Chapter 8: Search engine

Search Engine

How do search engine work?

        Internet search engines are special sites on the Web that are designed to help people find information stored on other sites. There are differences in the ways various search engines work, but they all perform three basic tasks:
  • They search the Internet -- or select pieces of the Internet -- based on important words.
  • They keep an index of the words they find, and where they find them.
  • They allow users to look for words or combinations of words found in that index.
        Early search engines held an index of a few hundred thousand pages and documents, and received maybe one or two thousand inquiries each day. Today, a top search engine will index hundreds of millions of pages, and respond to tens of millions of queries per day. In this article, we'll tell you how these major tasks are performed, and how Internet search engines put the pieces together in order to let you find the information you need on the Web.

         Without them, it would be virtually impossible to locate anything on the Web without knowing a specific URL. But do you know how search engines work? And do you know what makes some search engines more effective than others?
When people use the term search engine in relation to the Web, they are usually referring to the actual search forms that searches through databases of HTML documents, initially gathered by a robot.
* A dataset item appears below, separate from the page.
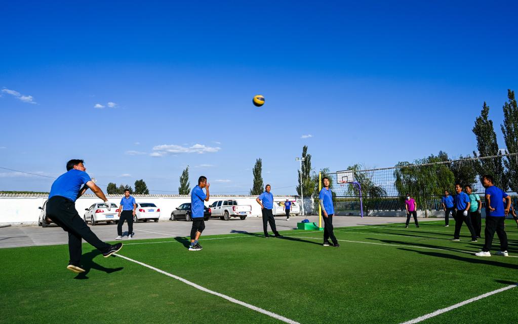 8月30日,牧民们在昂素镇巴彦希里嘎查的球场上打排球。新华社记者 连振 摄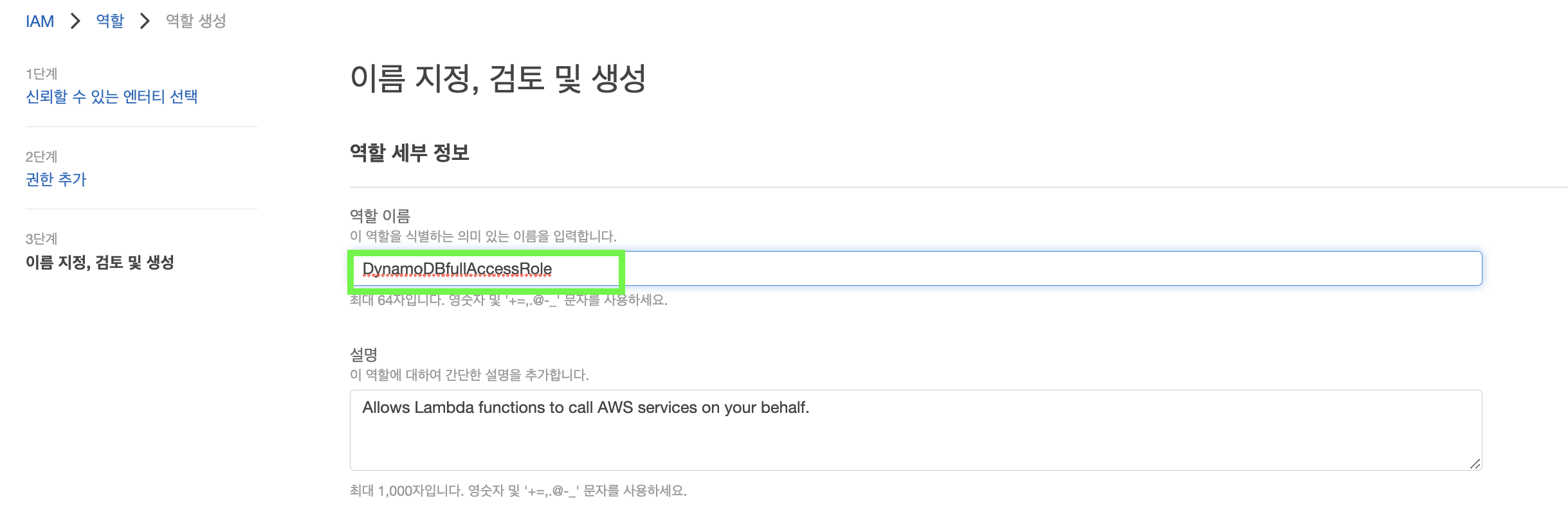 - ์คํ ์ญํ : "๊ธฐ์กด ์ญํ ์ฌ์ฉ" ์ ํ ํ ์์ ์์ฑํ IAM Role์ ์ ํ(DynamoDBfullAccess)

Did You Know...         The first tool for searching the Internet, created in 1990, was called "Archie". It downloaded directory listings of all files located on public anonymous FTP servers; creating a searchable database of filenames. A year later "Gopher" was created. It indexed plain text documents. "Veronica" and "Jughead" came along to search Gopher's index systems. The first actual Web search engine was developed by Matthew Gray in 1993 and was called "Wandex".